We went to St Paul’s the next week. Having made the decision, we then lingered. Partly this was because of the weather, which had closed in (a poor excuse!), and partly because both of us were more than a little hesitant.

Strangely, even though we took our time about arriving at the cathedral, the whispering stopped completely the night we’d made the decision to go.

We would arrive, eventually, and the shadow was content.

The night we did go, Wednesday, was a cold, blustery night. Jack picked me up from outside Ariadne’s apartment at ten o’clock (we hadn’t wanted to go during the day when we might disturb the cathedral worshippers), then drove to a street two or three away from St Paul’s where he parked and turned off the ignition. We were both so tense we hadn’t even spoken when I got in the car, and now, as we sat in the cold and dark, listening to sleet pelting against the car windows, we remained silent for long minutes.
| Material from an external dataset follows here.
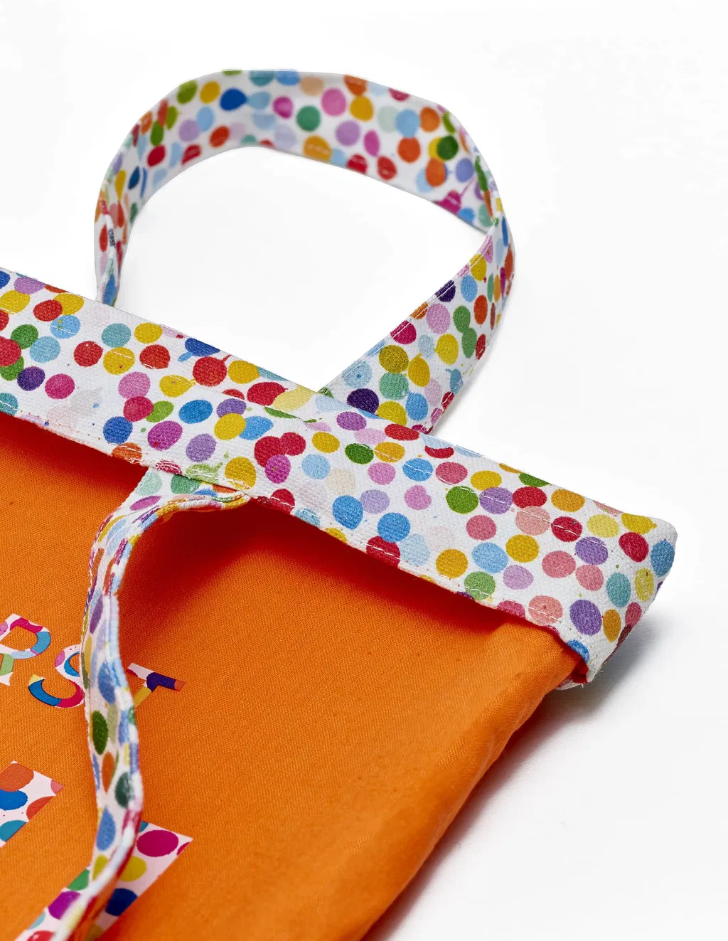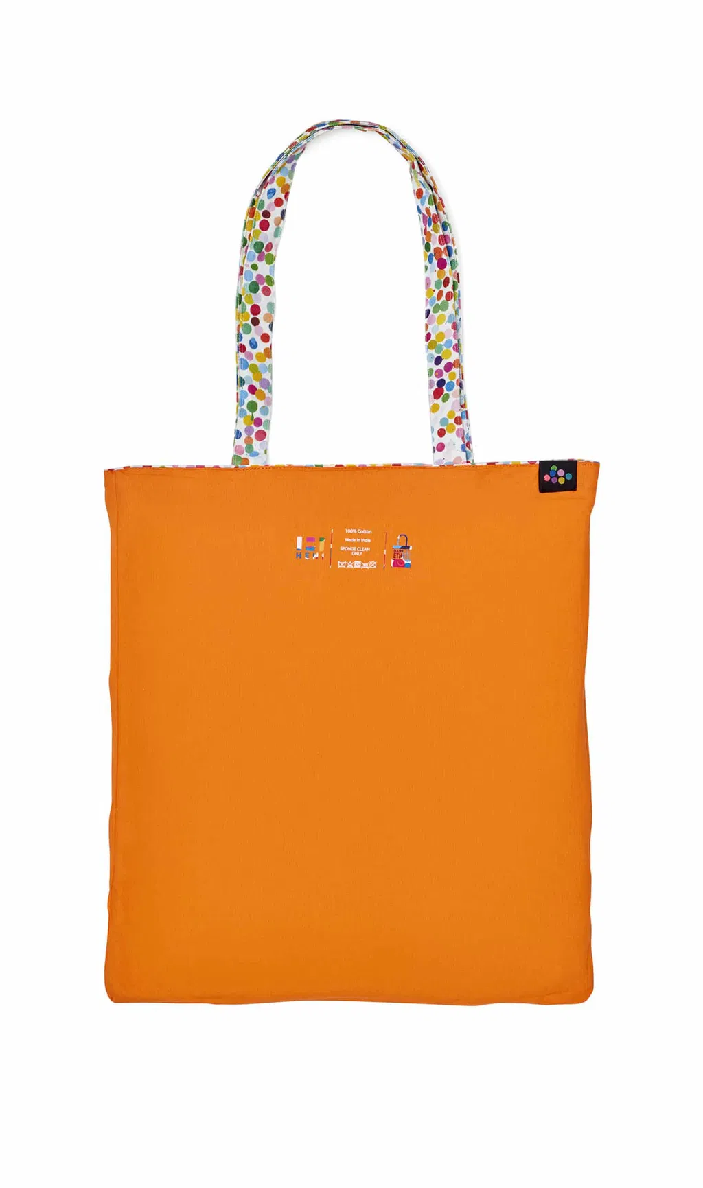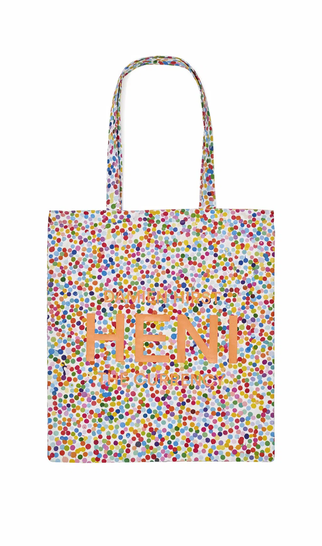 Reversible tote bags featuring the quintessential Currency Dot design and a HENI logo on each side, available in five different colours.
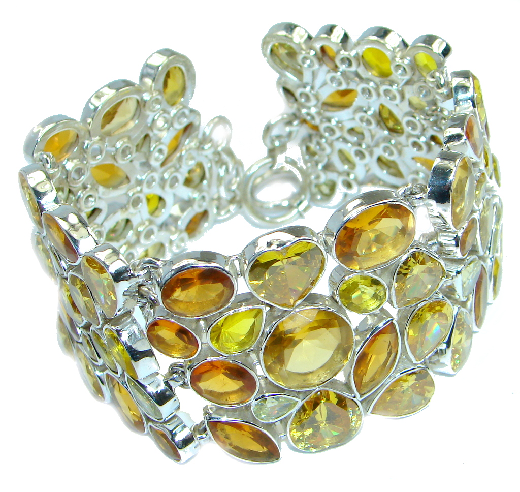 Chic Hoho Yellow River Chunky Cubic Zirconia Sterling Silver handmade Bracelet

I had my hands thrust deep into my coat pockets; Jack had his still resting on the steering wheel of the Austin, as if he wanted to be ready to drive off at a moment’s notice.

Eventually he sighed, and looked at me. “Ready?”

“No,” I said.

He gave a faint laugh. “That’s good enough for me. Grace, Catling won’t hurt us. Neither of us. We’re too important to her. She can taunt, but she won’t hurt us.”

I turned my head so I could look at him. Maybe he was right, maybe not, but we were here now, and we might as well get on with it.